When Girls Want to Be Boys and Boys Want to Be Girls
They assume a new identity at school, take hormones to suppress puberty and dream about the day they can have radical surgery. One CAMH psychologist says he can stop the urge if he treats them early enough. His critics say the kids don’t need to be cured By Wendy Dennis
A play therapy room at CAMH
Image credit: Eamon MacMahon
Meghan* was four years old when she took a pair of scissors to her long blonde ringlets and hacked off half her hair. When Diane asked her daughter why she would do such a thing, Meghan said she wanted to be a boy. Diane, who is a home care nurse, didn’t think much of the incident at the time. Meghan was a tomboy, and most of her friends were male. “I just thought she wanted to look like her friends,” she says.
On the first day of junior kindergarten, Meghan refused to go to school. Diane had dressed her in a flowery purple jumpsuit, and Meghan said everyone would laugh at her. Again, Diane shrugged it off. “I guess, looking back, those were warning signals,” she says, “but I just let it go. I’m a feminist. I thought, More power to you. No dolls. No stereotypical roles.”
Meghan loved sports, and until Grade 2, she played baseball with the boys. Then the teams were divided by sex. She went to her first practice, took one look around, and refused to play. “But you’ll be the best kid on the team,” said Diane. “I’m not playing,” said Meghan. “Girls can’t play baseball.”
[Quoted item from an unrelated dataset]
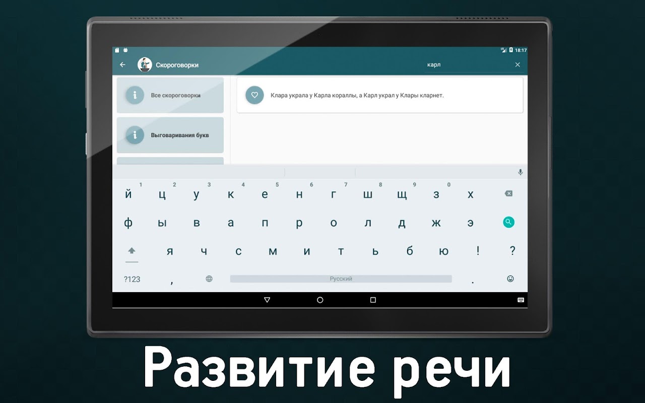 In the application "The development of speech. Skorogovory", collected 500 popular patters, divided into categories, where you can choose certain letters that you want to learn to pronounce correctly.

Despite these isolated incidents, Diane considered her first-born child happy and well adjusted. Meghan had friends in the east-end apartment building where they lived at the time. She had good grades, and her teachers reported that her peers looked up to her. Nothing worried Diane enough to seek professional help. The year Meghan turned seven, however, she became sullen and withdrawn. When Diane asked her what was wrong, she replied frustratedly that she didn’t know. Diane attributed her daughter’s moody silence to the fact that she and Meghan’s father had split up that fall. He’d left town soon after, and had little contact with Meghan or her sister, Amy, who was four years younger. Diane’s relationship with her husband had been verbally and emotionally abusive. Some nights, he had come home in a drunken rage, screaming and breaking dishes, and Meghan had awakened sobbing, begging her father to stop, desperate to help her mom. The turmoil at home, and her father’s departure, seemed a plausible explanation for Meghan’s behaviour.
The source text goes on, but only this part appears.